Thursday, 18 April 2019

In search of the Shelmalier guns of 1798

What's the news, what's the news, oh my bold Shelmalier,
With your long barrelled gun of the sea?

Eighteenth Century Irish fouling piece (from contemporary auction listing).
Shelmalier or Shelmaliere is an area in County Wexford, and the farmers of east Shelmalier were accustomed to shooting wild fowl. In the 1798 Rebellion the Shelmalier men were renowned for their marksmanship, but what exactly were their "long guns" so celebrated in prose and song?

Somebody has probably written a history of the Shelmaliers, but if so I haven't so far been able to find it. Rather more information is available on hunting pieces in America. These were widely spread amongst civilians and could be used to shoot solid shot (for deer or to fend off Native Americans) or bird shot (for the general hunting of small game).

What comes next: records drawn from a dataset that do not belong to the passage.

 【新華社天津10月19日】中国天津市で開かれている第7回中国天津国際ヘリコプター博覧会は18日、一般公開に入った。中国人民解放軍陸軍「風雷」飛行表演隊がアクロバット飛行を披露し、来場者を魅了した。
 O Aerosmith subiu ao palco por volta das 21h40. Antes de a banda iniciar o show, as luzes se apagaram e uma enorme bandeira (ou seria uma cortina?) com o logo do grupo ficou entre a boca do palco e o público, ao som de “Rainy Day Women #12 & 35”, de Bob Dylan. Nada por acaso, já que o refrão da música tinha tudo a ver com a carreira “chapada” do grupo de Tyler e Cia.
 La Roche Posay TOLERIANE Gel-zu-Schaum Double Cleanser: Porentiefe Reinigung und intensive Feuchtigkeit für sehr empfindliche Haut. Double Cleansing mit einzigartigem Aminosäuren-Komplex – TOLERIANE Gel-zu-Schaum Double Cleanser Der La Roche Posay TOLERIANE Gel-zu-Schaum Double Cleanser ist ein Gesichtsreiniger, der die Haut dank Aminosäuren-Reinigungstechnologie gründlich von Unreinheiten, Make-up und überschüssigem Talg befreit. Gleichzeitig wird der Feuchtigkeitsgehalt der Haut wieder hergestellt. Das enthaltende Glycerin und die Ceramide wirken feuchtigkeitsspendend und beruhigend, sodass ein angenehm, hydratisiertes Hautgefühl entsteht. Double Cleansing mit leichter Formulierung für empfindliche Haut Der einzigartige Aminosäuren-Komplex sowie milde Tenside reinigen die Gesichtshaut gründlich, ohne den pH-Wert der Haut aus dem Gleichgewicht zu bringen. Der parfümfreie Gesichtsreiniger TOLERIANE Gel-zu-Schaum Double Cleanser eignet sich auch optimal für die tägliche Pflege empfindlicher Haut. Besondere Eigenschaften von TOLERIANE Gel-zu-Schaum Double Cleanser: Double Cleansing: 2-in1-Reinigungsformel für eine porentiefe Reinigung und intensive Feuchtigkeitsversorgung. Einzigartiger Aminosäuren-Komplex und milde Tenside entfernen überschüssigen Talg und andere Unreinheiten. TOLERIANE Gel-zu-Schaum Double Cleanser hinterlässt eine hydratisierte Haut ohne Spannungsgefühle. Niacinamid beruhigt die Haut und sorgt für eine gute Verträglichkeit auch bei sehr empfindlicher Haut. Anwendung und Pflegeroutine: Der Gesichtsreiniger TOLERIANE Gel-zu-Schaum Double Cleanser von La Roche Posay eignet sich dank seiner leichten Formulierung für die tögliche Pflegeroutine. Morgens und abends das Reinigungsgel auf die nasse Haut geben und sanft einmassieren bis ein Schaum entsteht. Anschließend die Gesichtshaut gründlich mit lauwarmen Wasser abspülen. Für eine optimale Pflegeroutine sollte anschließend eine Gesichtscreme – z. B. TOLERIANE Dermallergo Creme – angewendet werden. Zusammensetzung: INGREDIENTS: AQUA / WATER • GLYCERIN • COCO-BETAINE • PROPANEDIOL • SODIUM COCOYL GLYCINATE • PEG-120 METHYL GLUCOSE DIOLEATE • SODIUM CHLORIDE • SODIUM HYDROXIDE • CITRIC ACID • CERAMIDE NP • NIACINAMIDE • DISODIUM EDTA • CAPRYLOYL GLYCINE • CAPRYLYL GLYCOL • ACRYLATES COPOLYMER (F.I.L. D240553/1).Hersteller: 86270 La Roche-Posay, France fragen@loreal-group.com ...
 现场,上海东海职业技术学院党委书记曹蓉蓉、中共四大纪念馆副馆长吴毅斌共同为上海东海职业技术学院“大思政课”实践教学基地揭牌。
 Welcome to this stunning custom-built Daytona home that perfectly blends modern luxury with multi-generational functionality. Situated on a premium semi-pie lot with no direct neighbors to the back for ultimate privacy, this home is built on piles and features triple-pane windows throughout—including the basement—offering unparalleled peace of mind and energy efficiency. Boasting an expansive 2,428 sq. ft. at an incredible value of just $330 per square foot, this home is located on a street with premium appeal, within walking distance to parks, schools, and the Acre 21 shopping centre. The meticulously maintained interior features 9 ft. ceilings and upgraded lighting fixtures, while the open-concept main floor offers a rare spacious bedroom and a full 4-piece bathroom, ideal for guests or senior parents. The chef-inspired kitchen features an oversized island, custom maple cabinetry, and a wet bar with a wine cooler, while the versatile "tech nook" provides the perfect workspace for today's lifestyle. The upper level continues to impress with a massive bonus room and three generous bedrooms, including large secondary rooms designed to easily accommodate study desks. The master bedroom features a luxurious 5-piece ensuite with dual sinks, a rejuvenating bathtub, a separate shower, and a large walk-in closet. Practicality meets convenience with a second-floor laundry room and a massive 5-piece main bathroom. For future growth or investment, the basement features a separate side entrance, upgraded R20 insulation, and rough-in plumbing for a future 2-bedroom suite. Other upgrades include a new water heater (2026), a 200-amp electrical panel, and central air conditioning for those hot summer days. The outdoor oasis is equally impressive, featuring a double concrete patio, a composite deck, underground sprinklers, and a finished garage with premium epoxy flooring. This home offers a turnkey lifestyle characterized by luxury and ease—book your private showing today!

Superficially they resembled muskets or, more particularly, Kentucky Long Rifles and they were manufactured from the same components. But they weren't rifled. They were essentially long-barrelled smoothbore shotguns. They were not as robust as military muskets and they were not designed to support bayonets.

I don't know if any of the 28mm Trent Miniatures have long guns. It's not essential as there would have been a lot of variation and maybe not all fouling pieces were actually longer than muskets. I was just interested to track this down.